Histórico
A
crítica à Sociedade foi uma vertente muito ativa na literatura dos séculos XVII
e XVIII, num reflexo direto das novas ideias Iluministas que escancararam as
injustas condições em que vivia o povo, em contraponto aos privilégios gozados
pela aristocracia, pelo clero e por outras camadas privilegiadas.
E
dentre vários autores que se especializaram nesse segmento brilhou o talento de
Beaumarchais (Pierre-Augustin
Caronde, 1732-1799, França) que além de outros reconhecimentos,
teve duas de suas três sátiras de costumes transformadas em óperas por compositores
de escol como Paisiello (Giovanni Battista,
1740-1816, Itália atual) e Rossini que fizeram a primeira, “O Barbeiro de Sevilha”; e Mozart que se encarregou da segunda, “As
Bodas de Fígaro”, uma continuação da primeira.
A
obra de Beaumarchais foi publicada pela primeira vez em 1775 e já no ano
seguinte, 1776, foi levada à cena lírica por Paisiello que à época desfrutava
de muito prestígio, embora hoje esteja semiesquecido, tal qual a sua versão.
Porém,
quando Rossini, em 1816, pretendeu fazer nova Ópera sobre a comédia de Fígaro,
foi naquela primeira versão que ele buscou o suporte de que necessitava para
compor uma das óperas que mais se destacaram em todos os tempos, como bem se vê
nos dias atuais pelo arrebatamento que ainda causa em críticos especializados,
em simples diletantes e, até, no público leigo.
O
processo de recriação da peça de Paisiello não foi uma tarefa fácil para
Rossini em razão do prestígio daquele compositor e das inevitáveis cobranças e
comparações que o seu trabalho suscitava.
Todavia,
graças a sua genialidade, ele concluiu parcialmente o trabalho em apenas uma
quinzena. A exiguidade de tempo não foi uma opção sua, devendo-se mais ao curto
prazo que lhe foi concedido pelo Duque
Cesarini que contava estrear duas* peças no Carnaval daquele ano,
previsto para meados de fevereiro.
E
a pressa no processo deu azo para a ocorrência de vários acontecimentos
singulares e até hilários, como, por exemplo:
1) Embora
trabalhasse arduamente, Rossini não conseguiu apresentar para a noite de estreia
a “Abertura” da Ópera e usou, então, a “Abertura” de outra obra, “Elizabeth, Rainha da Inglaterra”, que
havia sido encenada anos antes, com pouca repercussão e que estava esquecida na
ocasião.
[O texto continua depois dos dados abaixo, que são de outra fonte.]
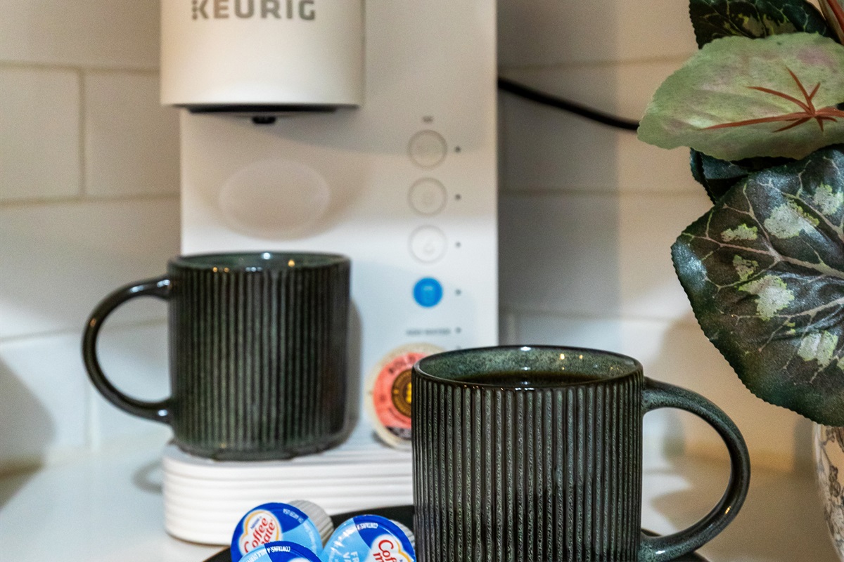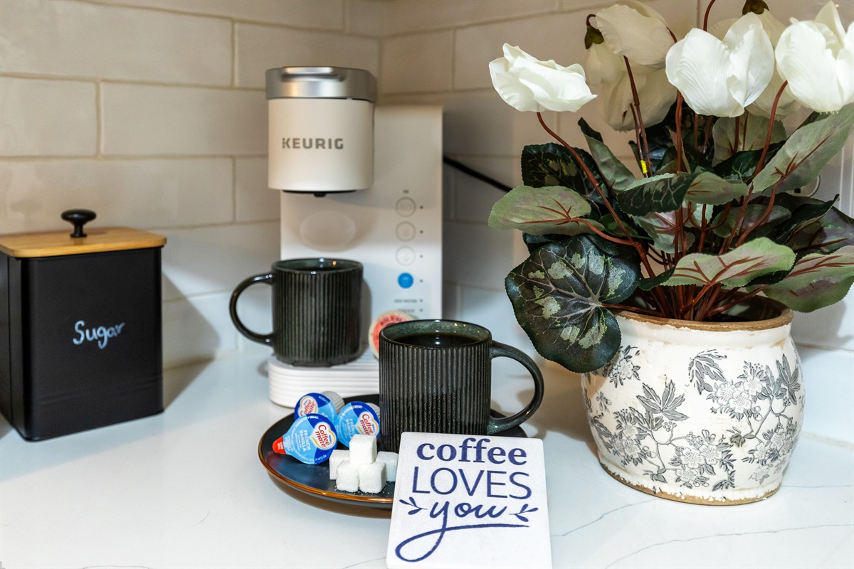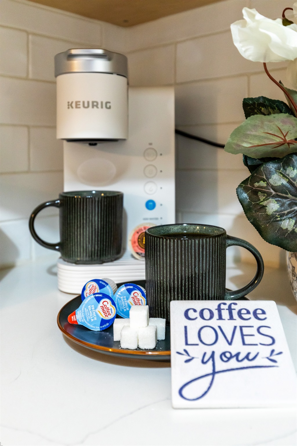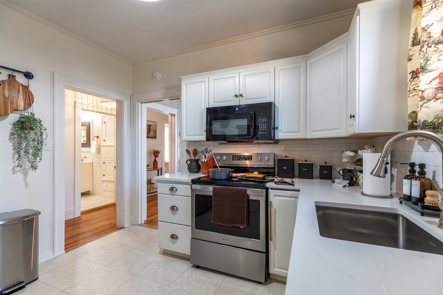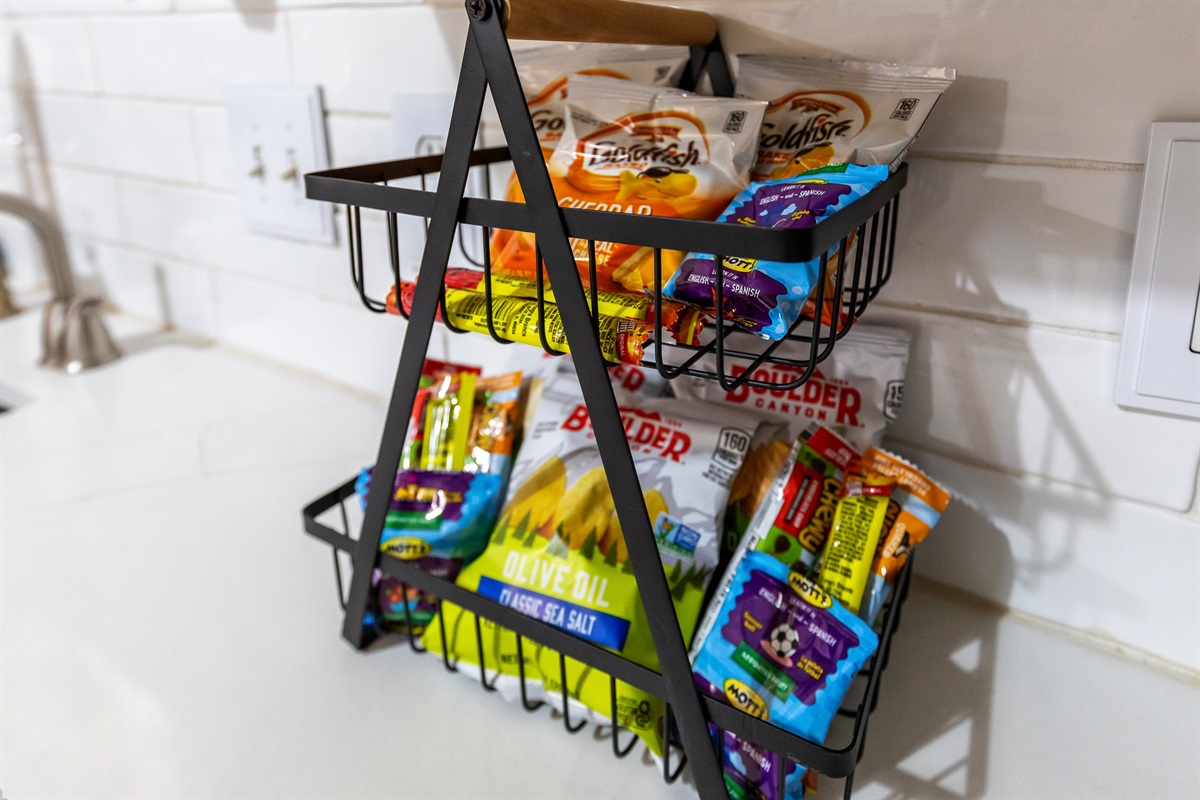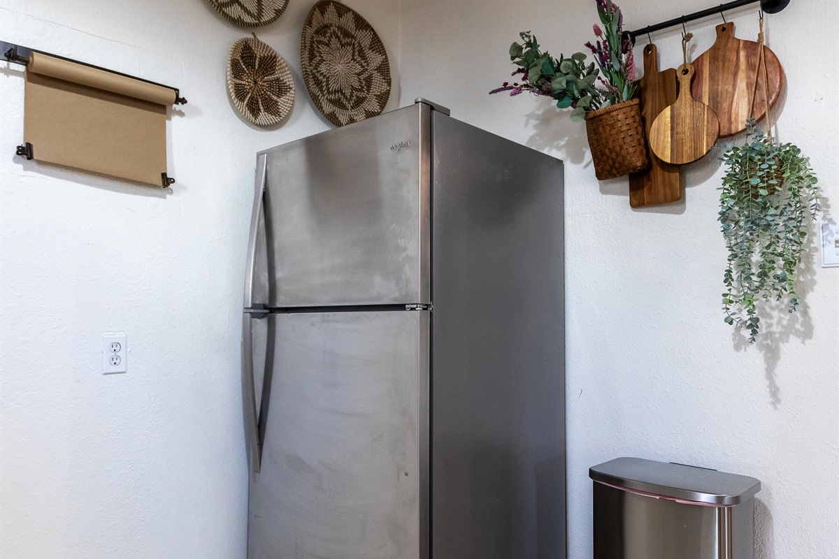 The kitchen is fully loaded — white cabinetry, subway tile backsplash, stainless appliances, and counter space to cook for the whole crew. Western-print café curtains keep it honest.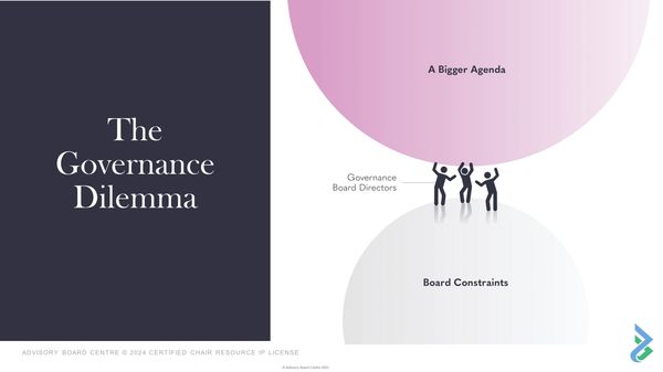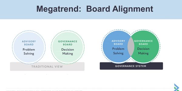In response to this challenge, the Advisory Board Centre's leading research identifies a megatrend unfolding globally, of a broadening frame of reference for the governance system. Not only of adding an advisory board to supplement the thinking system and problem solving capability and capacity. But also evolving from a traditional view of advisory boards and governance boards standing apart from one another, to a more integrated view of them being seamlessly side by side and overlapping on a continuous spectrum of a governance system. Working in unison, they have a much better fighting chance of driving the full range of conversation-flows required to be future-proofing the enterprise with the agility required.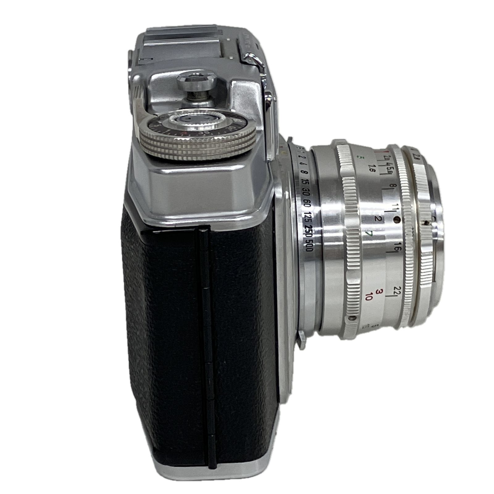 ドイツの老舗メーカーAgfaのレンズ交換式レンジファインダーカメラ、AMBI SILETTEです。セットの標準レンズ「COLOR-SOLINAR 50mm F2.8」は、3群4枚のテッサー型構成で、シャープな描写に定評があります。金属製の鏡胴が醸し出すクラシカルな質感と、ドイツ製ならではの堅実な作りが魅力の一台。コレクションや部品取りとしていかがでしょうか。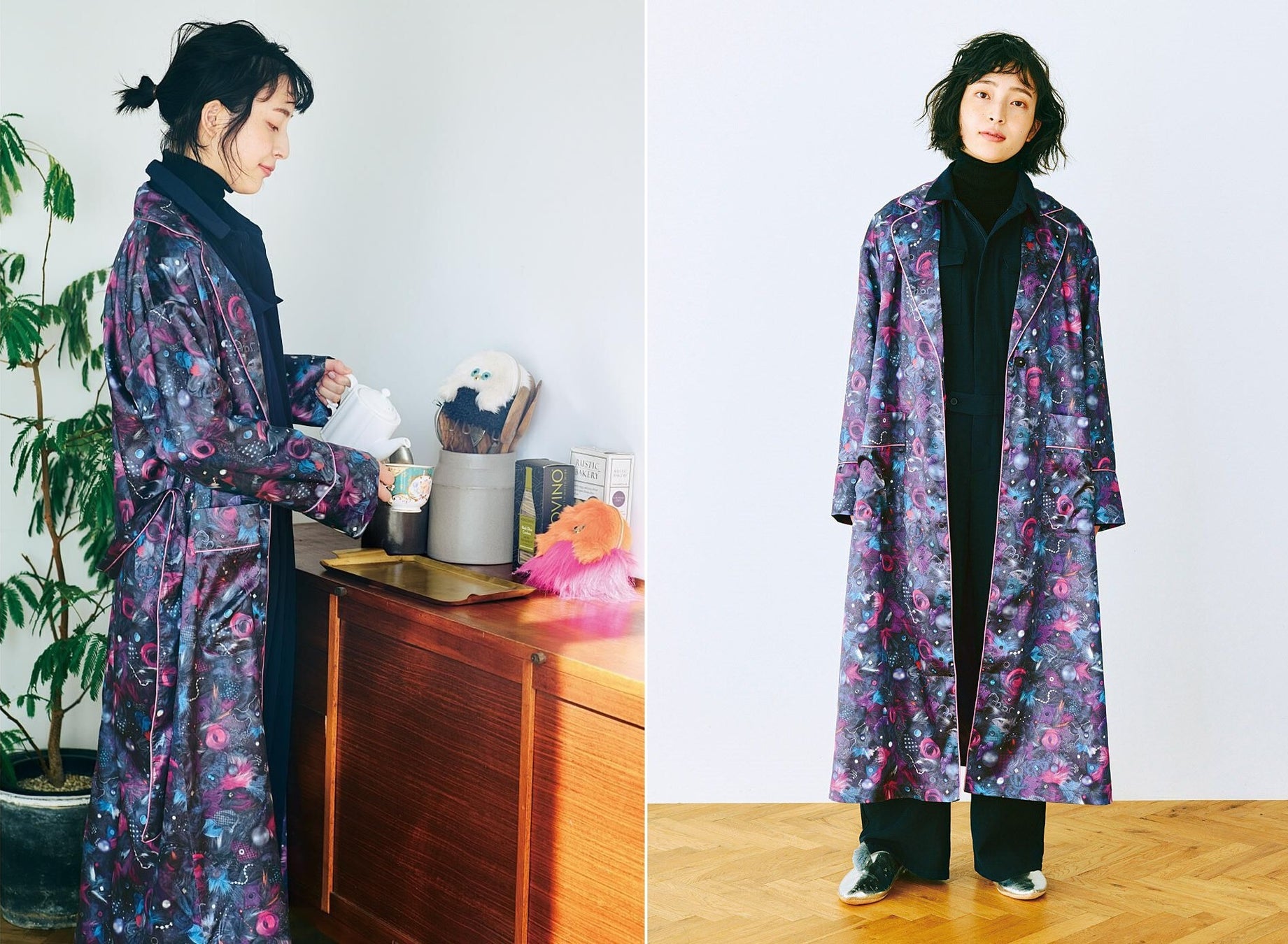 KAWAIIアトリエコートは、勝負時に着ることで気合いが入るアイテムで、カワイイパープルの裏地が付いています。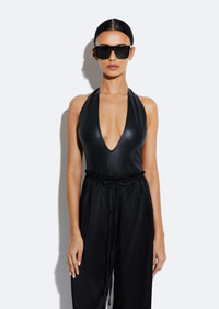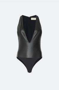 Stretch faux leather bodysuit with a deep V neckline and hidden zipper at back. True to size. - Material: 48% Polyurethane, 48% Polyester, 5% Spandex - Care: Hand Wash or Dry Clean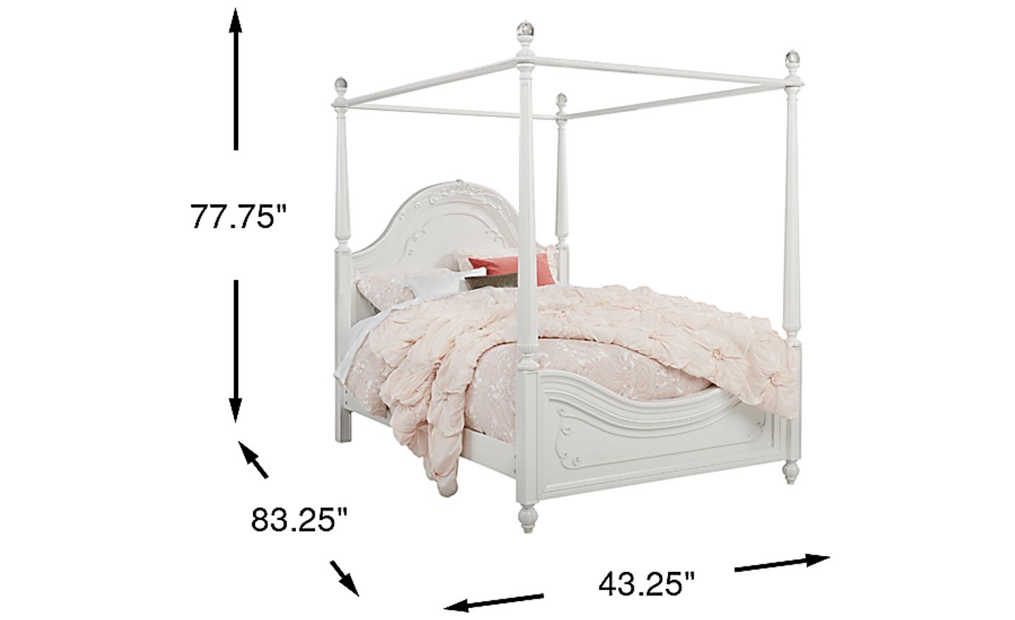Bedtime is fit for royalty thanks to the gorgeous Disney Princess Canopy bed. Perfectly designed with a swirling ribbon motif and acrylic crystal finials topping each of the four posters, your little girl will adore this regal bed. Made of wood solids with birch veneers in a sparkling white finish, this bed is the perfect way to settle down at the end of a long day of adventure. Mattress and foundation (if required) sold separately. Bed shown is full size.

O fato hilário foi que vários autoproclamados “entendidos”, “eruditos”,
“especialistas” etc. viram (sic)
naquela Abertura postiça, vários elementos e personagens de “O Barbeiro”. Note-se,
pois, que a prepotente jactância por presumida erudição não é um fenômeno dos
dias de hoje, sendo um pecado tão antigo, quanto à história do homem...
2) E
as “trocas”, os “empréstimos” não se restringiram a esse fato, pois algumas Árias
de outras obras também foram usadas, como, por exemplo, “Ecco Ridente in Ciello”
que originalmente pertence a “Aureliano em Palmira” e a famosa “La Calunnia” que compõe o acervo de “Sigismondo”...
3) Ademais
a ária cantada na cena “Lição de Música” acabou tendo a sua partitura extraviada
e como Rossini recusou-se a escrever outra, até hoje os Sopranos são liberados
para executarem a ária que lhes agradar, com a única exigência de que tenha
alguma relação com o contexto.
Improvisações
que acrescentaram um sabor mais picante ao prazer de se escutar a obra-prima de
um jovem de vinte e quatro anos de idade que soube, como raríssimos, dar ao
Mundo um de seus mais belos momentos.
Nota do Autor – A primeira obra para o evento foi
“Torvaldo e Doliska” que atualmente está esquecida; sendo a segunda a inesquecível
“O Barbeiro de Sevilha”, que desde a sua estreia no Teatro Argentina, em Roma,
conquistou a admiração geral.
São Paulo, 28 de fevereiro de 2015.
Lettré, l´art et la Culture. Rio de Janeiro, Verão de 2015.